Ayer, mientras dormía, oí como cuchicheaban los trastos de mi trastero.

Sé que no debería escuchar las conversaciones privadas de mis propios trastos...

Todos tenemos derecho a un poco de intimidad.

Pero es que la mochila (shhhh... ni se os ocurra insinuarle que es una mochila) ha viajado mucho y siempre le cuenta historias interesantes al comediscos.


Si, una vez estuve en una prisión turca... por una chinita de ná que juro por Jimi Hendrix que no era mía, pero hace ya mucho tiempo.

Me torturaron pinchándome palillos debajo de las uñas, haciendome cosquillas en los pieses, poniendome bakalao y chunda-chunda a todas horas y sin dejarme fumar.

Querían que confesase que yo era una mochila... y que por eso había una china en un bolsillo, pero... ¿como iba yo a confesar eso?

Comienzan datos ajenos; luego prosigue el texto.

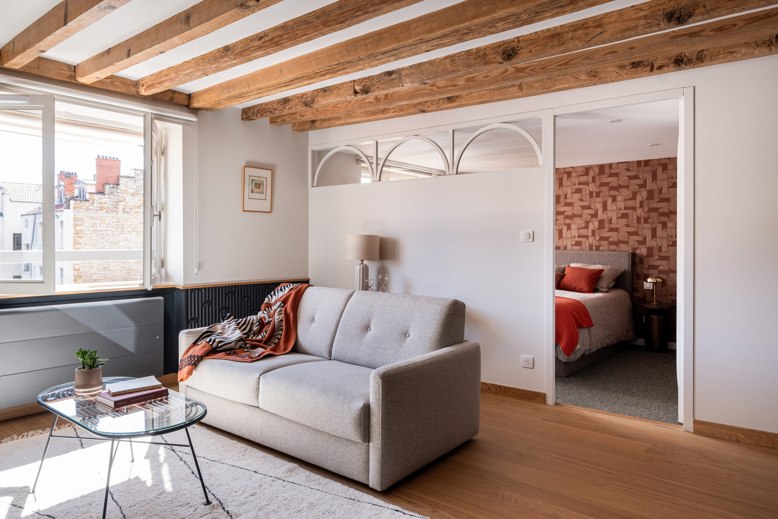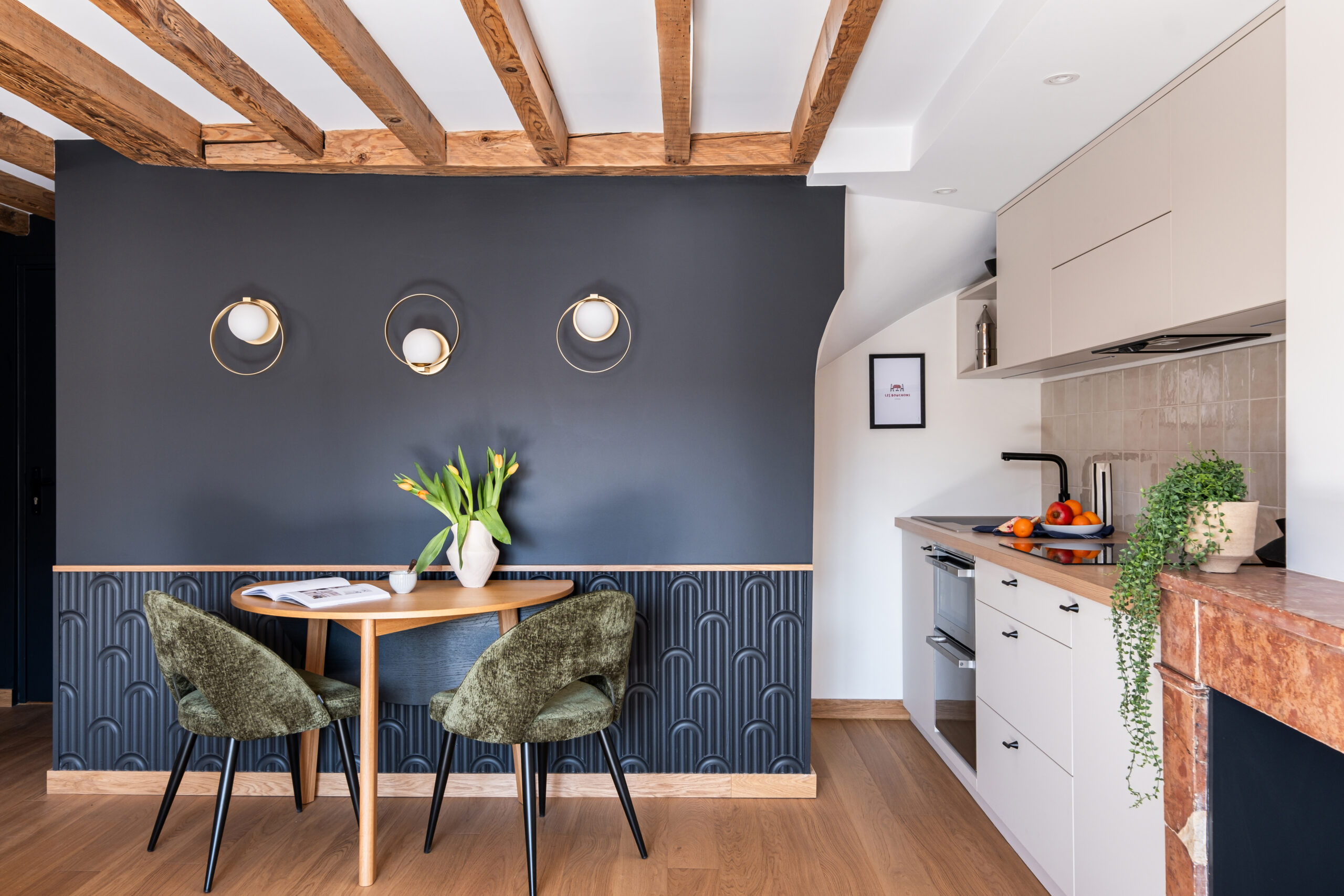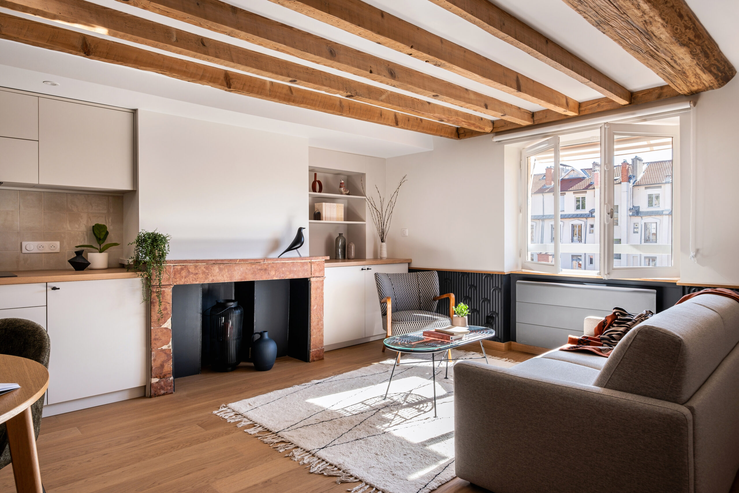 • Les poutres apparentes et le parquet en chêne réchauffent l’atmosphère et ancrent le projet dans son histoire.

Después de varios días sin nicotina, cedí a sus torturas, y acabé echando los hombros hacia atrás, con las manos apoyadas justo en la frontera donde la espalda pierde su nombre (o sea, la cintura por detrás), doblando las rodillas (parecía que iba a bailar una danza rusa)... y dejando que un poli turco me colgase en su espalda y me llevase al aeropuerto.

Me facturó como equipaje infantil, el muy rácano, para que le saliese más barato.

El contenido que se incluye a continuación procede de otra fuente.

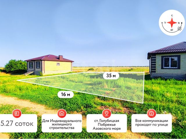 Продается уникальный участок в живописной станице Голубицкой площадью 5 соток, который идеально подходит для строительства вашего дома мечты! Участок находится в зоне с разрешенным использованием для индивидуального жилищного строительства, что открывает перед вами широкие возможности для реализации ваших идей. Все необходимые коммуникации — центральное водоснабжение, газ и электричество — проходят прямо по улице, что значительно упростит процесс подключения. Вы сможете сосредоточиться на строительстве и обустройстве своего нового жилья, не беспокоясь о сложностях с инфраструктурой. Кроме того, вы будете наслаждаться удобством, так как вся необходимая инфраструктура находится в шаговой доступности. Магазины, кафе, школы — все это рядом, что делает жизнь комфортной и удобной. А до моря всего 1,5 км! Представьте, как приятно будет проводить время на пляже, наслаждаясь солнцем и морским бризом. Автобусная остановка находится всего в 100 метрах от участка, что обеспечит вам легкий доступ к общественному транспорту и возможностям для путешествий по региону. Не упустите шанс стать владельцем этого замечательного участка в Голубицкой! Звоните прямо сейчас, я с радостью отвечу на все ваши вопросы и организую оперативный показ. Ваш идеальный дом ждет вас! . Дополнительно оплачивается комиссия с покупателя. Код пользователя: 90990 Номер в базе: 4882668

En la bodega de "fumadores" del avión hice amistad con un neceser muy pijo, que fumaba Marlboro ligth, que iba cargado de maquillajes caros, que olía de maravilla y que venía de vender una exclusiva en Estambul.

Un grupo de portatrajes de ejecutivos, muy estiraos ellos,y que fumaban puros habanos de esos que valen una pasta y que apestan, me miraban mal... por mis pintas de "progre" que fuma Camel, supongo...

¡Que fácil es juzgar por las apariencias!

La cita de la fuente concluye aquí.